Determine the angle which will cause the greatest torque

[wannawin]

Homework Statement

Given F, b, and h, determine the angle θ which will cause the greatest strain.
http://img844.imageshack.us/img844/5595/cusersjoshappdatalocalt.th.png

The Attempt at a Solution

I know to break it up into components so that I get M_a = F(bcosθ+hsinθ). But after that I'm at a loss for what to do.
Intuitively I think the answer is 45, but I'm at a loss for how to prove that mathematically.

 

[snshusat161]

find the answer keeping it \theta only and then look for the value of \theta which can give the maximum value to answer. I'm also very new in engineering so can't say for sure but this method should work.

 

[snshusat161]

see, Cos \theta + Sin \theta is to be made maximum

 

[wannawin]

see, Cos \theta + Sin \theta is to made maximum

find the answer keeping it \theta only and then look for the value of \theta which can give the maximum value to answer. I'm also very new in engineering so can't say for sure but this method should work.

I'm not seeing what you're getting at. Maybe its just the wording of your response.

 

[snshusat161]

Moment about point A should be maximum to produce maximum strain to the body (okay)

Now resolve the force F:
1. F Cos \theta along vertically downward direction (-Y)
2. F sin \theta along +X direction

Moment about point A = F Cos \theta. b + F sin \theta. h
(clock wise rotation is taken as positive)

Now calculate the value of \theta for which the moment will be maximum.

 

[wannawin]

Moment about point A should be maximum to produce maximum strain to the body (okay)

Now resolve the force F:
1. F Cos \theta along vertically downward direction (-Y)
2. F sin \theta along +X direction

Moment about point A = F Cos \theta. b + F sin \theta. h
(clock wise rotation is taken as positive)

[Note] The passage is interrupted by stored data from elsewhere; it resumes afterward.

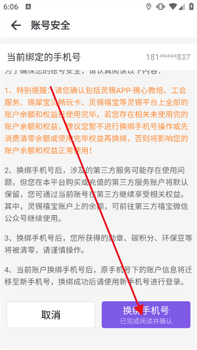 5、最后,進(jìn)入詳情頁,了解了所有解綁事項(xiàng)之后,可點(diǎn)擊右下角按鈕【解綁手機(jī)號】。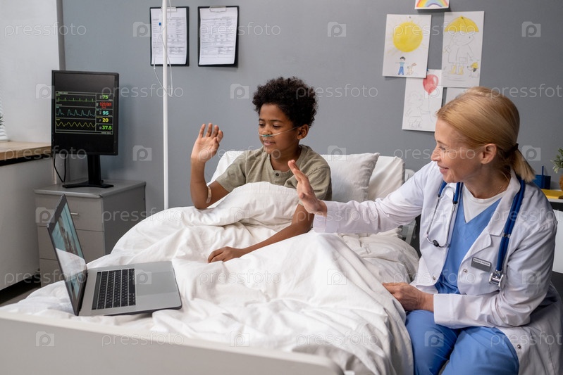 Мальчик разговаривает со своей семьей онлайн в больнице
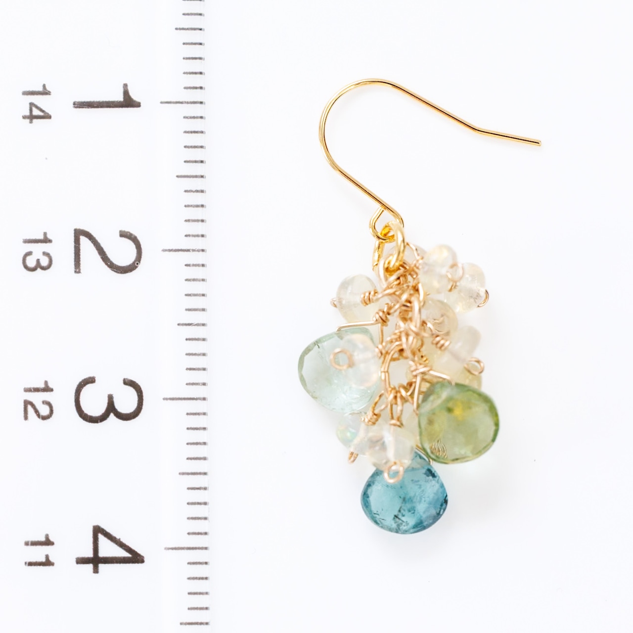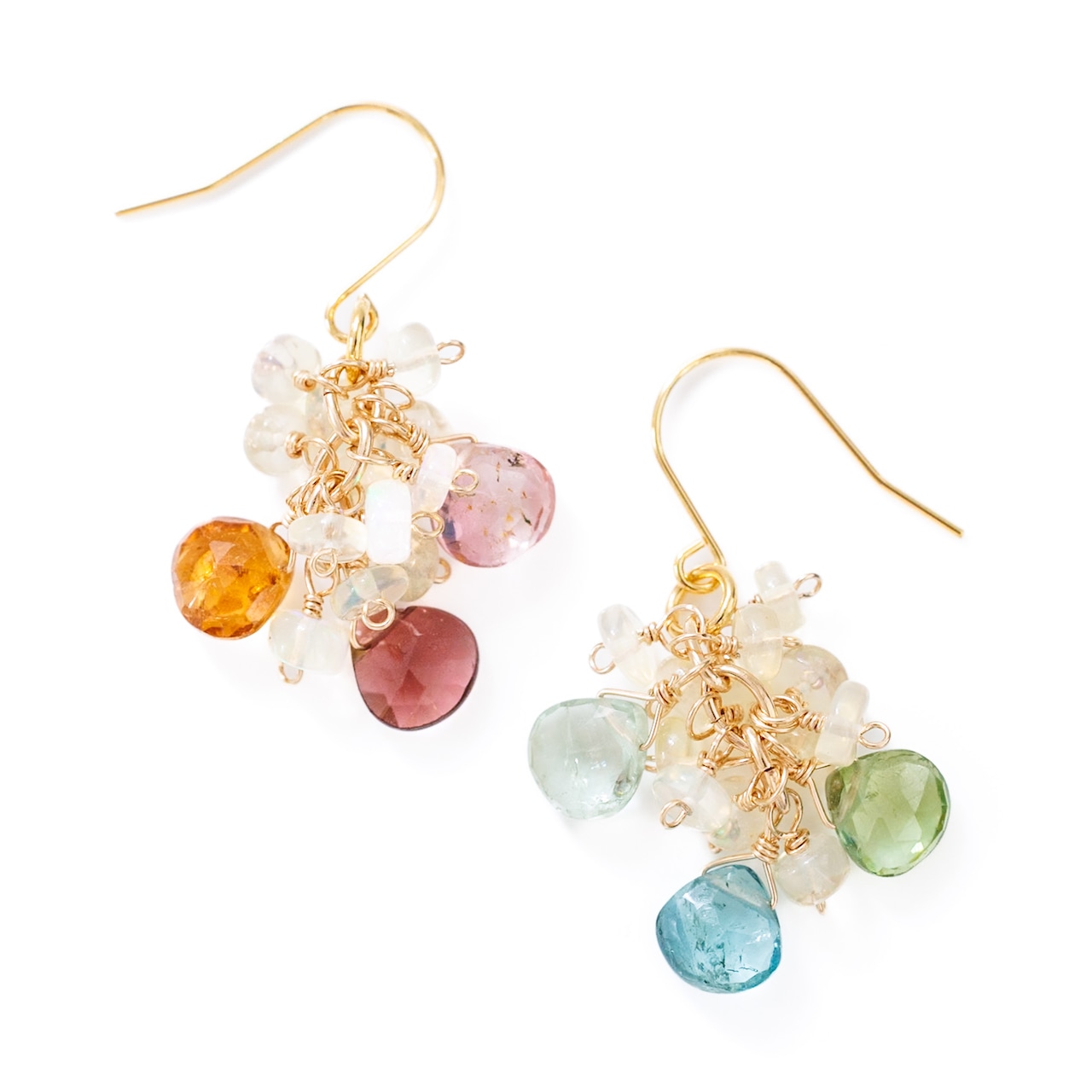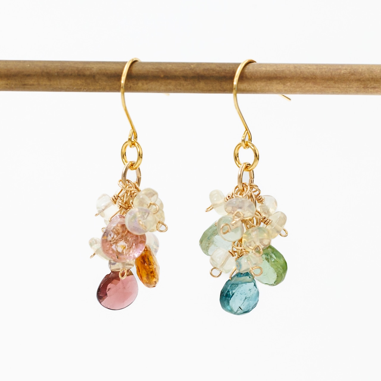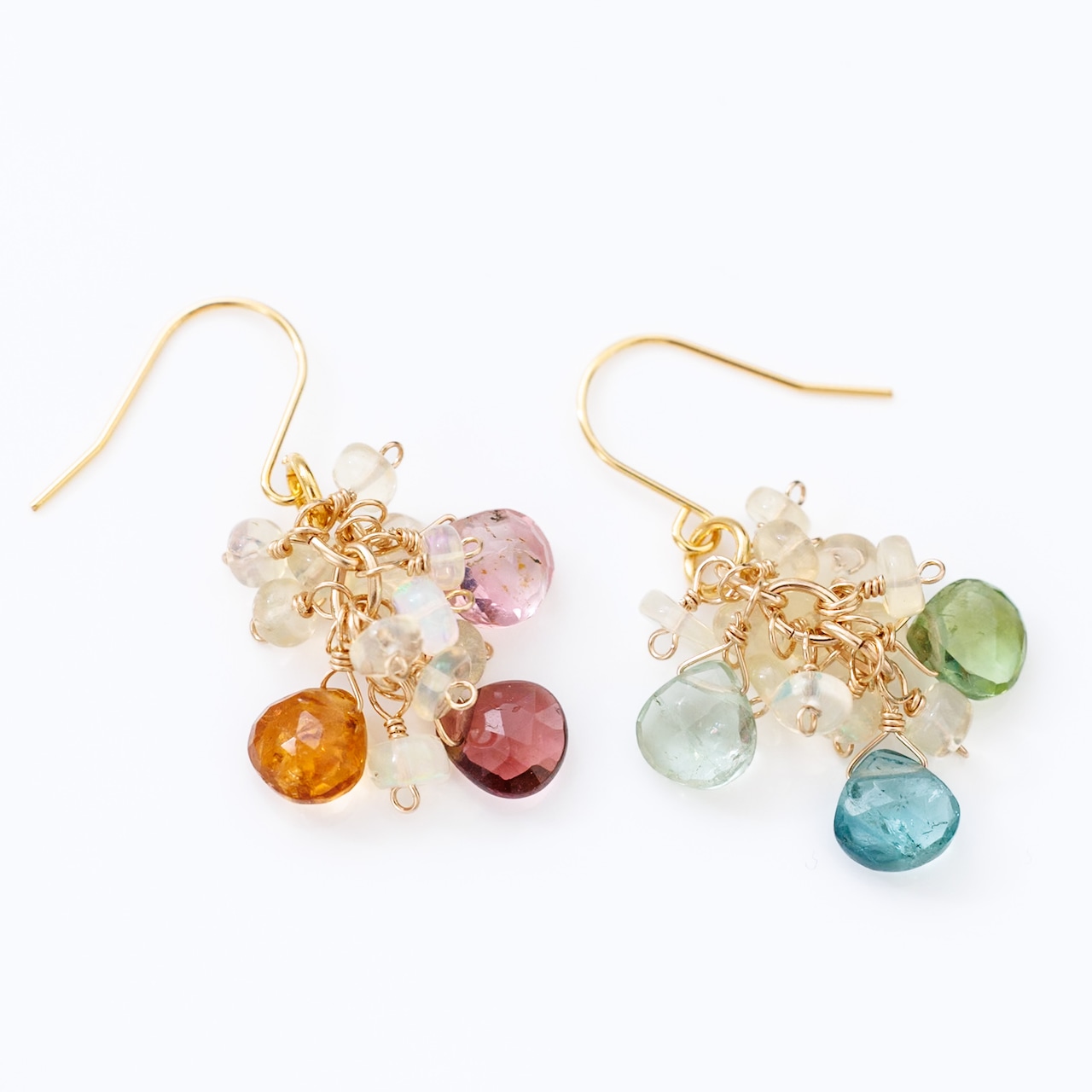10月の誕生石であるトルマリンとオパールを贅沢に組み合わせた、華やかな天然石の耳飾りです。

Now calculate the value of \theta for which the moment will be maximum.

I was able to get that far, but I'm just having trouble with finding that value for \theta. The way it is right now I can't see any way forward other than just factoring out the F...but that doesn't get me any closer.

 

[nvn]

wannawin: Do you currently use calculus in this course? Or no calculus yet?

 

[wannawin]

wannawin: Do you currently use calculus in this course? Or no calculus yet?

We don't use it in the course, but it did cross my mind to take a look at the first derivative and go from there. I guess that's looking more and more like the way to go.

 

[nvn]

wannawin: You might be able to do it without calculus. Perhaps think of it this way (without calculus). Any component of F toward or away from point A causes no harm. Use that concept to figure out what is the worst direction for force F.

 

[snshusat161]

oh there's another way to solve this problem very easily

Resolve the force in such a way that it's one component passes through point A. For that you need to find an angle. Since b and h are given, you can do it easily.

 

[snshusat161]

Answer: tan \theta = b/h. If b and h will be equal you'll get \theta = 45 degree but that's not given, I think.

 

[nvn]

snshusat161: Did you know, we are not allowed to solve the problems for the student. The powers that be only allow us to check math, and occasionally give small hints. Also, your answer is incorrect.

 

[snshusat161]

we don't have to give complete solution. I had only given answer for the problem. I had not solved the whole problem for him. I solved it in my notebook and I myself is in first semester so I'm trying to solve this question along with him sharing my some thoughts and accepting some thoughts from him. It's known as group learning.